In the end, each sample was characterized by 28 features.

Permeability of a given rock sample depends of the total amount of pore space, characterized by porosity, as well as how the pore space is distributed within the rock, which we can express as some kind of a probability density function of pore sizes. In essence, what I’m going to investigate is whether the information about pore size distribution can be sufficiently captured by the bulk petrographic properties extracted from thin sections.

First we load the data (which I cannot share, unfortunately) and pick the samples that are permeable and discard dolomite rocks, because their permeability behavior is significantly different from limestones and will be studied separately.

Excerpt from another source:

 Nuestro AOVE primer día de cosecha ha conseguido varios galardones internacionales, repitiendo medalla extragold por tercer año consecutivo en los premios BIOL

data = pd.read_csv('ts.csv', na_values='-')
data.fillna(0.0, inplace=True)
data = data[(data['FACIES'] != 'DOLO') & (data['PERM'] != 0)

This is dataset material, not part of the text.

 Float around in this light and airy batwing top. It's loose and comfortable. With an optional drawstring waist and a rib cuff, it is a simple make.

This results in 572 samples with 28 features, of which 5 are categorical and the rest are numeric. Next we look for errors in data. Errors come from the fact that some features are volumetric fractions with a total sum of either 100 percent or a value of another feature. For instance, we have 11 different grain type features that should ideally sum to 100. Alternatively, grain fractions were not counted at all for some samples and hence should sum to 0.

# GRAINS
grain_component_columns = ['OOID', 'PELOID', 'FORAM', 'MOLL', 'ECHIN', 'CORAL',
                           'STROM', 'DALGAE', 'COATGRN', 'INTRAC', 'OTHERGRN']
grain_sums = data[grain_component_columns].sum(axis=1).values
wrong_grains = np.logical_not(np.logical_or(np.isclose(grain_sums, 100),
                                            np.isclose(grain_sums, 0.0)))
print(f"Number of incorrectly assigned grain fractions: {np.count_nonzero(wrong_grains)}")

# POROSITY
porosity_component_columns = ['Interparticle (BP)', 'Moldic (MO)', 'WP intraparticle',
                              'BC Intercrystalline', 'OTHERPOR']
porosity_sum = data[porosity_component_columns].sum(axis=1).values
porosity_difference = porosity_sum  - data['POR'].values
wrong_porosity = np.logical_not(np.isclose(porosity_difference, 0.0, atol=1e-3))
print(f"Number of incorrectly assigned porosity fractions: {np.count_nonzero(wrong_porosity)}")

# CEMENT
cement_component_columns = ['FC', 'MO', 'EC']
cement_sum = data[cement_component_columns].sum(axis=1).values
cement_difference = cement_sum  - data['Total Cement'].values
wrong_cement = np.logical_not(np.isclose(cement_difference, 0.0, atol=1e-3))
print(f"Number of incorrectly assigned cement fractions: {np.count_nonzero(wrong_cement)}")

# TOTAL VOLUME
total_volume_components = ['POR', 'Mud and matrix', 'TOTGRN', 'Total Cement']
volume_fractions_sum = data[total_volume_components].sum(axis=1).values
wrong_volume = np.logical_not(np.isclose(volume_fractions_sum, 100))
print(f"Number of incorrectly assigned volume fractions: {np.count_nonzero(wrong_volume)}")
Number of incorrectly assigned grain fractions: 96
Number of incorrectly assigned porosity fractions: 101
Number of incorrectly assigned cement fractions: 1
Number of incorrectly assigned volume fractions: 1

There is a significant number of samples with errors. The decision I made was to discard samples with errors in porosity, cement or volume related features and discard grain fraction features as too unreliable, so that I can keep the samples with errors in grain features alone.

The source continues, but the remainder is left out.